SUPREME COURT OF THE STATE OF NEW YORK Appellate Division, Fourth Judicial Department
May 7, 2010
ERIC CRAGG, AS ADMINISTRATOR OF THE ESTATE OF KAYLA MARGARET ROSE CRAGG, DECEASED, PLAINTIFF-APPELLANT,
ALLSTATE INDEMNITY CORPORATION, DEFENDANT-RESPONDENT, ET AL., DEFENDANTS.
Appeal from a judgment (denominated order) of the Supreme Court, Erie County (Patrick H. NeMoyer, J.), entered October 27, 2008 in a declaratory judgment action. The judgment granted the motion of defendant Allstate Indemnity Corporation for summary judgment.
The opinion of the court was delivered by: Carni, J.
Published by New York State Law Reporting Bureau pursuant to Judiciary Law § 31.
This opinion is uncorrected and subject to revision before publication in the Official Reports.
PRESENT: SCUDDER, P.J., CENTRA, CARNI, AND PINE, JJ.
It is hereby ORDERED that the judgment so appealed from is unanimously affirmed without costs.
This appeal presents the issue, apparently one of first impression in New York, whether an insurer is required to defend or indemnify its insureds for the wrongful death of an insured person, here, plaintiff's decedent. We conclude that the plain language of the policy in question excludes coverage for bodily injury to an insured person when such coverage would enure to the benefit of an insured person. We therefore further conclude that Supreme Court properly granted the motion of defendant Allstate Indemnity Corporation (Allstate) for summary judgment seeking a declaration that it has no duty to defend or indemnify the remaining defendants, the grandparents and mother of plaintiff's decedent (collectively, defendants), in the underlying personal injury and wrongful death action commenced against them by plaintiff.

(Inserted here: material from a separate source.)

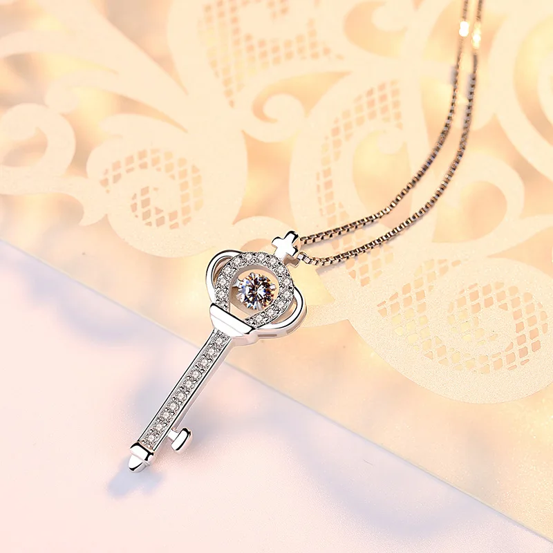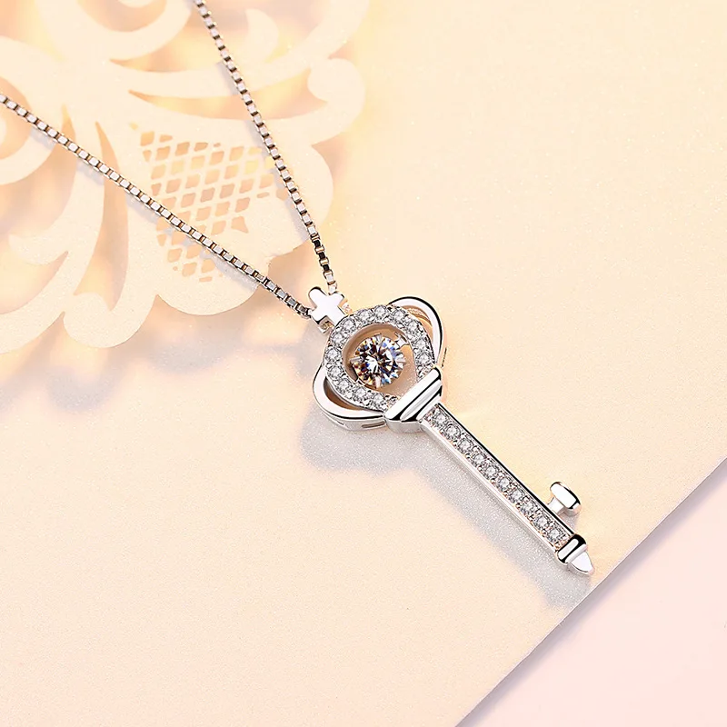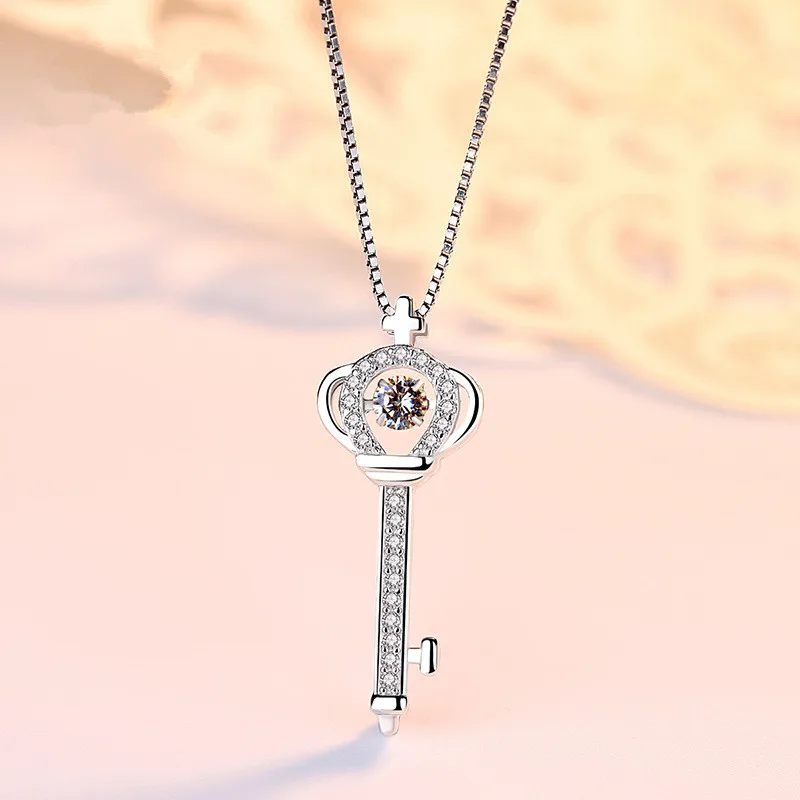 Autentica collana in argento sterling con chiave a corona, ciondolo in zircone AAA, catena in argento, moda donna, gioielli con fascino

Plaintiff's decedent sustained fatal injuries when she drowned in a swimming pool located at the residence of her grandparents, where she resided with her mother. Plaintiff, decedent's father, did not reside there. It is undisputed that plaintiff's decedent and defendants were insured under a homeowners' insurance policy issued by Allstate to defendant grandparents. Allstate disclaimed coverage for defendants under the policy pursuant to the provision excluding coverage for "bodily injury to an insured person . . . whenever any benefit of this coverage would accrue directly or indirectly to an insured person."
Plaintiff thereafter commenced a wrongful death action against defendants in his capacity as administrator of his daughter's estate, and he was the sole distributee identified in the complaint. Decedent's mother defaulted in the action and, following an inquest on damages, plaintiff obtained a judgment against her in excess of $100,000 for his pecuniary loss. Plaintiff subsequently commenced this declaratory judgment action.
We agree with the court that Allstate's policy excludes from coverage any claim to recover for the injury or resultant death of an insured person (see Brown v Madison, 139 Ohio App 3d 867, 870-871, 745 NE2d 1141, 1144). We reject the contention of plaintiff that the derivative nature of his wrongful death action renders the policy exclusion inapplicable. "By focusing on his independent right to bring a wrongful death claim, and in ignoring the plain language of the policy, which excludes liability coverage for bodily injury to an insured, including claims resulting from . . . death, [plaintiff] has lost sight of the relevant issue at hand, [i.e.], whether there is policy coverage that would trigger [Allstate's] duty to indemnify and/or defend the insured in the wrongful death lawsuit" (Cincinnati Indem. Co. v Martin, 85 Ohio St 3d 604, 608, 710 NE2d 677, 680). There is no coverage for the simple reason that a homeowners' insurance policy is essentially designed to indemnify the policy holders against liability for injuries sustained by noninsureds (see Brown, 139 Ohio App 3d at 871, 745 NE2d at 1144). Here, neither decedent nor her mother would be entitled to indemnification from Allstate for the injuries and death of decedent. Additionally, indemnification by Allstate on behalf of decedent's mother would result in the receipt by the mother, an insured, of the benefits of the policy in the form of the satisfaction of the money judgment obtained against her for the death of her daughter, also an insured. That result violates the plain language of the policy and thus is untenable. We therefore conclude that the court properly applied the case law of Ohio in support of its determination that an insurer has no duty to defend or indemnify its insured in a wrongful death action brought by a noninsured based upon the death of an insured where, as here, the policy excludes coverage for claims based on the death of an insured (see Cincinnati Indem. Co., 85 Ohio St 3d at 609, 710 NE2d at 680). Accordingly, we conclude that the judgment should be affirmed.